#### [To do]
Beginning with the line that holds "Nhiều bạn trẻ" and finishing with the line that holds "Follow Me Navy", repeat the listing exactly, leaving every picture out.

#### [Data to process]

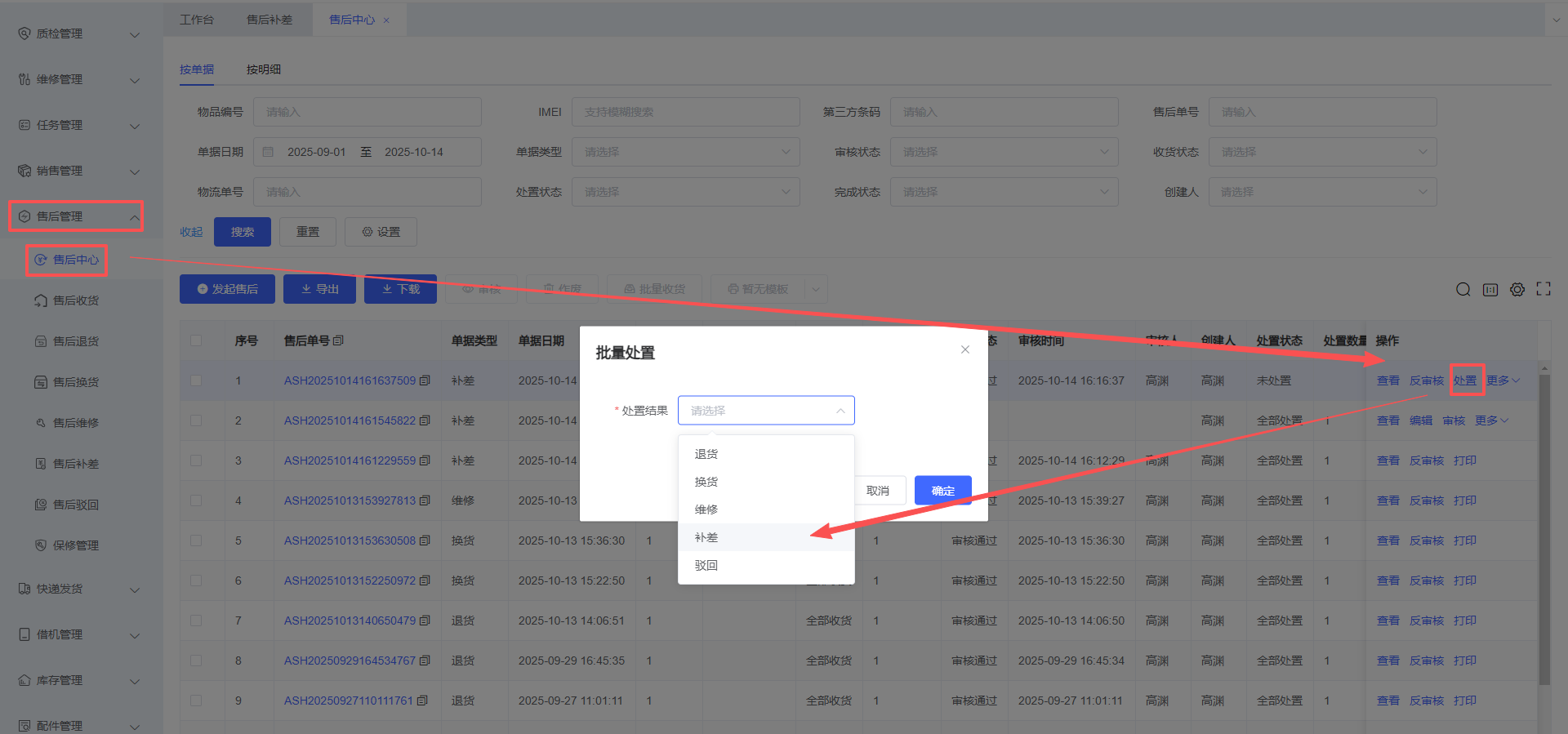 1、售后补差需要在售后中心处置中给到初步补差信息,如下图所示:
--
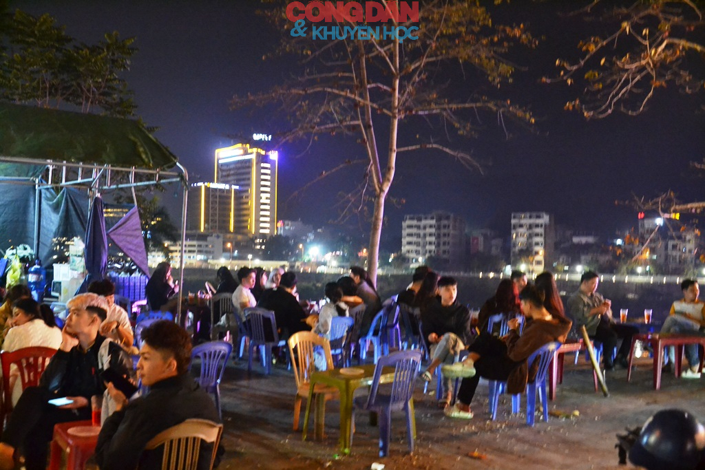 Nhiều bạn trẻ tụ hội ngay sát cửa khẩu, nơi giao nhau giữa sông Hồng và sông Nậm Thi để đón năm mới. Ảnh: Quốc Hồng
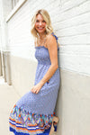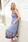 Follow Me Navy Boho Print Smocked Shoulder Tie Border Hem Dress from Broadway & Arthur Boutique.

#### [Response box]
 Nhiều bạn trẻ tụ hội ngay sát cửa khẩu, nơi giao nhau giữa sông Hồng và sông Nậm Thi để đón năm mới. Ảnh: Quốc Hồng
 Follow Me Navy Boho Print Smocked Shoulder Tie Border Hem Dress from Broadway & Arthur Boutique.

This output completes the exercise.